3

I am trying to write an RDD into S3 with server side encryption. Following is my piece of code.

val sparkConf = new SparkConf().
  setMaster("local[*]").
  setAppName("aws-encryption")
val sc = new SparkContext(sparkConf)
sc.hadoopConfiguration.set("fs.s3n.awsAccessKeyId", AWS_ACCESS_KEY)
sc.hadoopConfiguration.set("fs.s3n.awsSecretAccessKey", AWS_SECRET_KEY)
sc.hadoopConfiguration.setBoolean("fs.s3n.sse.enabled", true)
sc.hadoopConfiguration.set("fs.s3n.enableServerSideEncryption", "true")
sc.hadoopConfiguration.setBoolean("fs.s3n.enableServerSideEncryption", true)
sc.hadoopConfiguration.set("fs.s3n.sse", "SSE-KMS")
sc.hadoopConfiguration.set("fs.s3n.serverSideEncryptionAlgorithm", "SSE-KMS")
sc.hadoopConfiguration.set("fs.s3n.server-side-encryption-algorithm", "SSE-KMS")
sc.hadoopConfiguration.set("fs.s3n.sse.kms.keyId", KMS_ID)
sc.hadoopConfiguration.set("fs.s3n.serverSideEncryptionKey", KMS_ID)

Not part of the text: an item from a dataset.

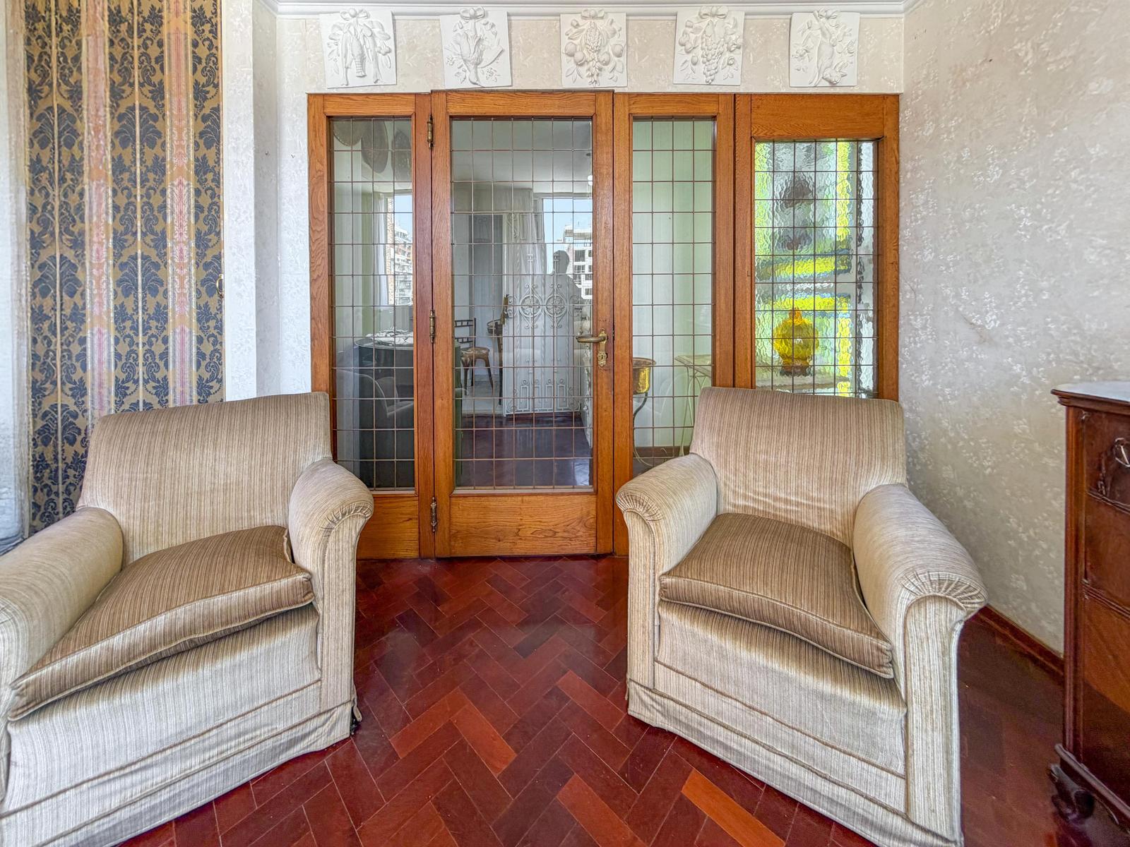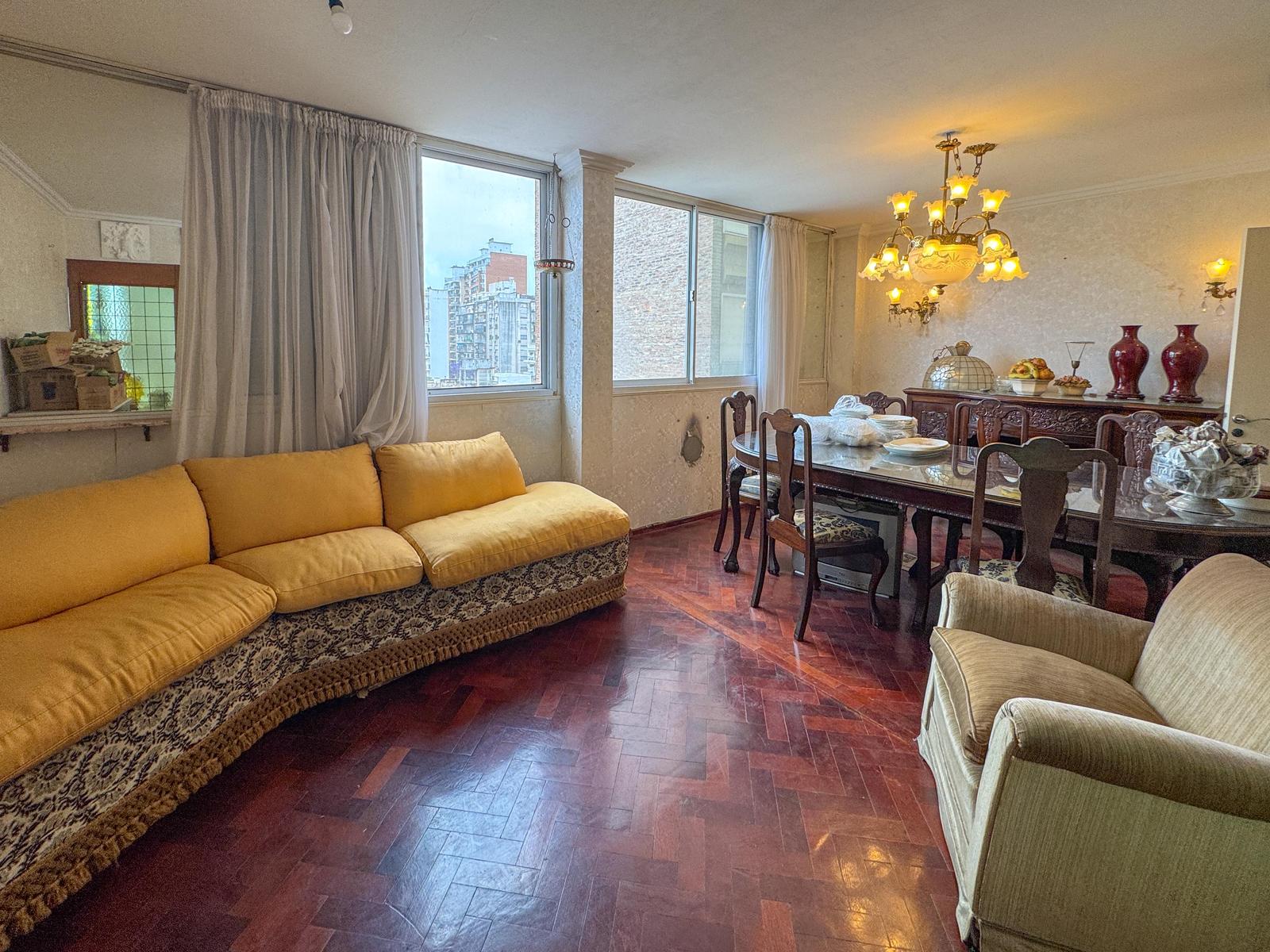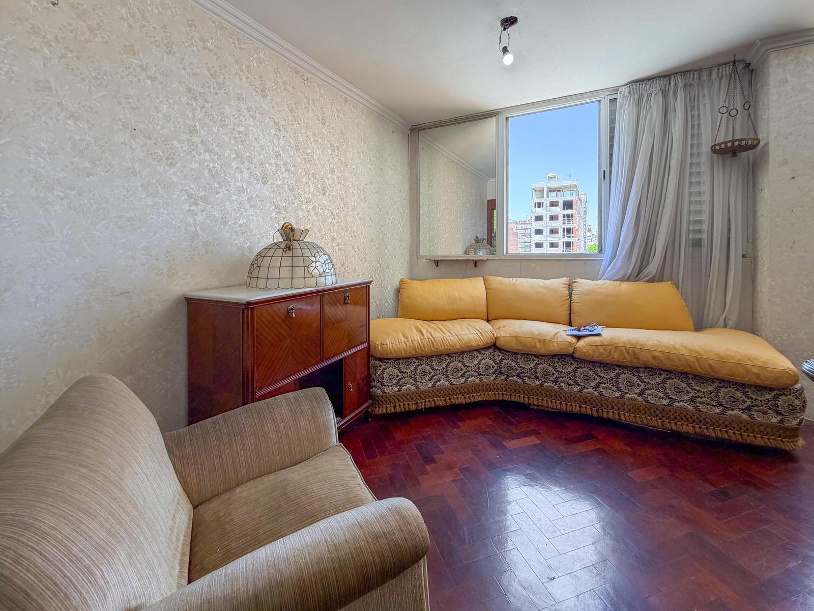 Hermoso departamento de 2 dormitorios totalmente original, muy bien cuidado. Su ingreso a la propiedad cuanta con doble enrejado en su puerta principal, y da a un hermoso recibidor con vitro. Conectado se encuentra un amplio living comedor con orientación Este que permite ingreso de un hermoso sol por la mañana. Desde el recibidor de la propiedad se encuentra un pasillo que conecta al baño y a los dos dormitorios. Su cocina se encuentra totalmente separada con mobiliario completo y mucho espacio de guardado, ventilación y extractor, espacio técnico para lavarropas y disposición para una mesa de comedor diario. Terminaciones de época con piso de parquet de madera muy bien cuidados en espacios sociales, ingreso, pasillo, living comedor y dormitorios. En espacios húmedos como cocina y baño, cuenta con porcelanato. Sistema de calefacción por estufa a gas, sistema de climatización a través de aires acondicionados y sistema de agua caliente por calefón a gas. Aberturas de aluminio con persianas, placares con interiores, baño de antiguo pero en correcto funcionamiento. • Proyecto: Hermoso palier acondicionado a nuevo, planta baja con local comercial con consultorio odontológico. Cuenta con 10 pisos, y cuatro departamentos por planta, dos ascensores. Portería. Control de acceso, cámaras de seguridad. Portón automático de cocheras. • Ubicación: En pleno centro de la ciudad, a cuadras de las peatonales. Zona comercial con amplias vías de transporte. • Observación: Originalmente era un 3 dormitorios pero se unieron ambientes y quedo de 2 dormitorios. Escriturado, apto Crédito. Antigüedad 1964. Cuenta con Cochera. Opcional Amoblado. Adecuación de gas realizada. Tiene portero. Superficie cubierta 60,59m2 más 27m² de muros, superficie con espacio comunes 88,91m2. NOTA: Las medidas informadas incluyen el 50% de los muros medianeros y el 100% de los muros interiores. Todas las fotos publicadas son propiedad intelectual de Vanzini Black S.A. No es permitida su utilización comercial. Las medidas y superficies expuestas son estimativas y a corroborar con sus respectivos planos y títulos. La publicación de este inmueble es a solo título informativo, la venta de la propiedad está supeditada a que el propietario cumplimente el trámite ante la AFIP para la obtención del Número de COTI correspondiente. La información no es contractual. Si querés saber el valor de tu propiedad, contactate con nosotros y tasamos tu propiedad en 48hs.

val rdd = sc.parallelize(Seq("one", "two", "three", "four"))
rdd.saveAsTextFile(s"s3n://$bucket/$objKey")

This code is writing RDD on S3 but without encryption. [I have checked properties of the written object and it shows server-side encrypted is "no".] Am I skipping anything here or using any property incorrectly?

Any suggestion would be appreciated.

P.S. I have set same properties with different name, reason being I am not sure when to use which name for e.g.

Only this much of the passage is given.